• ankara devlet tiyatrosunun 1 perdelik oyunu.

    "uzun ve karanlık bir gece başlar. shakespeare’in kahramanları kendi kaderleriyle karşı karşıyadır. ölüm ve yaşam bir aradadır. mevlana’nın hikayeleri ve bu hikayelerden gelen sufi bakış ile hamlet, macbeth, othello gün atımına ulaşmak isteyen insanlığın ortak serüvenini dile getirir. "

    "oyun ekibi
    dekor tasarımı
    hakan dündar
    kostüm tasarımı
    sevgi türkay
    ışık tasarımı
    zeynel ışık
    müzik
    irfan gürdal
    yönetmen yardımcısı
    suat karausta
    asistan
    neslihan derya demirel
    müzik süpervizörü
    jean jacques lemetre
    sahne amiri
    yalçın duman
    kondüvit
    s. serkan sakızlı
    ışık kumanda
    erhan şentürk
    dekor - aksesuar sorumlusu
    kemal şahin
    kadın terzi
    mehriye taşdelen
    erkek terzi
    rıza bektaş
    oyuncular
    mehtap öztepe
    sükun ışıtan
    suat karausta
    dilek bozkurt
    aylin dinç
    neslihan derya demirel
    başak polat karsavuran
    orkestra
    irfan gürdal
    mehmet utku benli
    ali yaşar
    altay toprak
    ziya özsökmenler"

    link

    --- spoiler ---

    bir müzikal değil. ama müzik eşliğinde, kulak ziyafeti veren, ezgilerle süslenen bir oyun. aksiyon yok. uyku getirecek derecede yavaş. diğer taraftan, jest ve cümleleri pür dikkat takip gerektirecek kadar da dolu.

    bir masalı dinler gibi izledim. bir ninniymiş gibi dinledim. eve varınca bir bebek gibi uyudum.

    oyun boyunca pek de gerilmedim.

    mikrofon, hoparlör falan yok. müzik de oyun da aracısız direkt izleyiciye ulaşıyor. ama sahnenin akustik mimarisi yetersiz olduğu için 20 cümleden birini işitemedim.

    sahne zeminde. izleyici koltukları ise tribün gibi tasarlanmış. böylece her izleyici hiçbir engele maruz kalmaksızın oyunu izleyebiliyor.

    şekspir ve sufizm konusunda altyapısı olmayan izleyici için senaryo pek de anlamsız gelebilirdi. altyapısız izleyici de sıkılamaz, diye düşünüyorum. çünkü islamiyet öncesi orta asya türkleri çalgı ve şarkıcılarından oluşan 3 kişilik orkestra, tam bir ziyafet veriyor. hem de kesintisiz.

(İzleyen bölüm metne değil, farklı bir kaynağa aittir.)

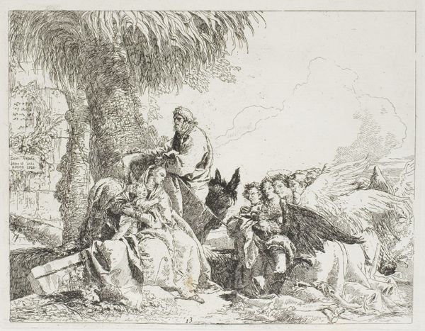 Editor: Here we have Giovanni Domenico Tiepolo's "The Holy Family Walking Along a City Wall," an etching from 1753. It’s quite a busy image, with a lot of figures and textures crammed onto a relatively small paper. How do you interpret this work? Curator: It’s fascinating to consider this print as an object produced for a specific market. Etchings like these were often made to be sold and collected. Think about the labour involved: the artist creating the image, the workshop reproducing it, and then its circulation through merchants. How does understanding its place within a system of production and consumption change how we view the image itself? Editor: That's a really interesting point! It does make me think about the sheer number of prints that must have been made. The artist becomes a kind of manufacturer, almost. I hadn't really considered the practical, commercial aspects. Curator: Exactly! And notice the materials. Paper was becoming more readily available, fostering printmaking’s spread. Etching itself is relatively accessible process compared to other forms of printmaking. Could its democratic qualities influence how stories were shared through the artwork? Editor: Yes! It's not just a divine scene, it's an object that can be distributed and reproduced, almost like...sharing the story more widely through a material means. Considering Tiepolo as someone deeply embedded in this material process, it changes everything. Curator: Precisely. It urges us to rethink traditional distinctions of 'high' and 'low' art. These prints engaged with popular culture through materials and methods and served many social strata, didn't they? Editor: Definitely, this perspective on production really reframes how I appreciate it. Thank you for pointing that out. Curator: My pleasure. It's important to remember the social context in the materials, the artistic process.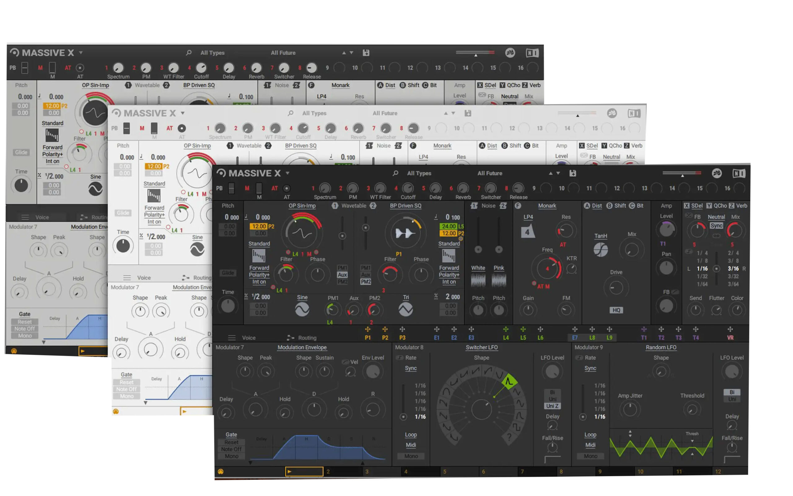 Massive Xは、複雑なサウンドデザインを可能にするクリアな音質と、極めて高い操作性を兼ね備えた次世代のフラッグシップシンセサイザーです。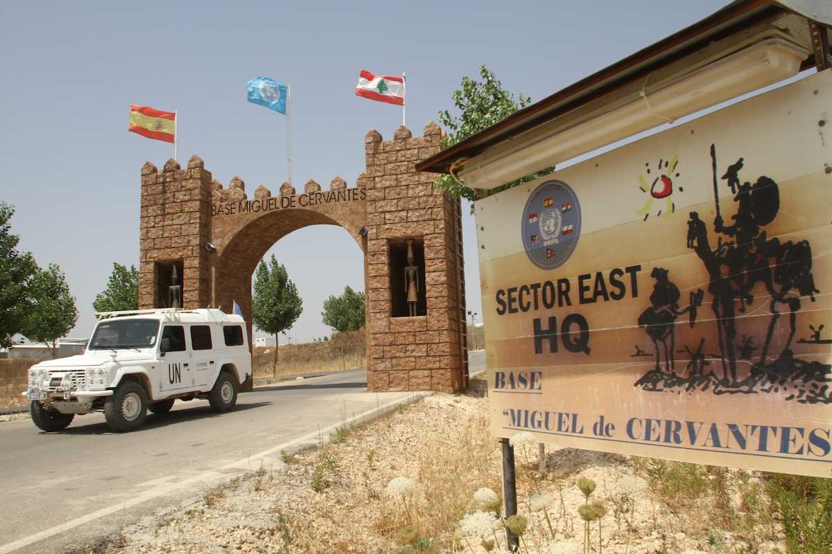 Cascos azules españoles en la puerta de la base Miguel de Cervantes en Marjayoun.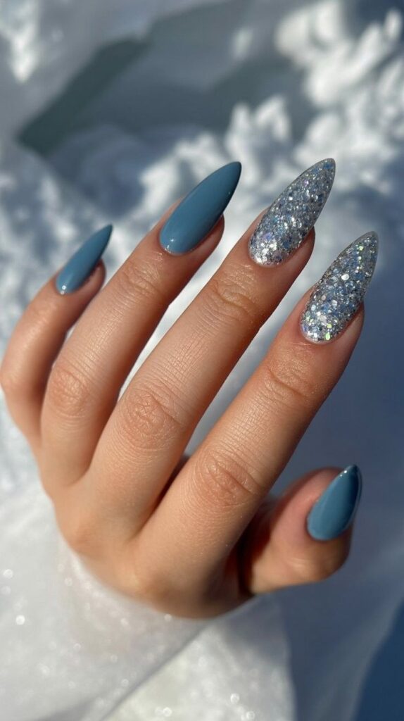 “Long, sharp stiletto nails get a glam upgrade — half covered in dense silver glitter that shimmers like crushed ice, half left in soft dusty blue for contrast. It’s sleek, modern, and totally runway-ready — like wearing a winter art exhibit on your fingertips.”

    dekor ve aksesuar olabildiğince sade kurgulanmış. yani izleyici, hayal gücünü kullanmalı. nesneler ve mekanlar çoğunlukla yok. perde arkasına saklanması emredilen oyuncu, olmayan bir perdenin arkasına geçmiş gibi jeste bürünüyor. perdeyi izleyici hayal etmeli. cinayet sahnesinde, hançer ve ellere bulaşan kanlar yok. oyuncu, o olmayan hançeri elinden atarken ve kanlı ellerine ağıtlar yakarken, bunları izleyici kendi zihninde tamamlamalı. sonuçta, her izleyici farklı mekan ve aksesuarı zihninde tasarladığı için hem uyuklamıyor hem de oyundan çıktıktan sonra bile öyküyü kurgulamaya devam ediyor.
    --- spoiler ---

    ben sevdim. ama keşke oyundan önce şekspir bilgilerimi tazeleseydim daha keyifli olabilirdi. othello'yu zaten çok iyi biliyorum. hamlet ve macbeth'i hiç bilmediğim ve sufizme ilgi duymadığım için othello ile bağlamını oyun sırasında kuramadım. şekspir kültürüm hiç olmasaydı bile keyifle izlemeye devam ederdim, diye düşünüyorum. çünkü orta asya türk müzikleri ve oyunculukların güzelliği, 55 dakikanın her saniyesine değer kattı.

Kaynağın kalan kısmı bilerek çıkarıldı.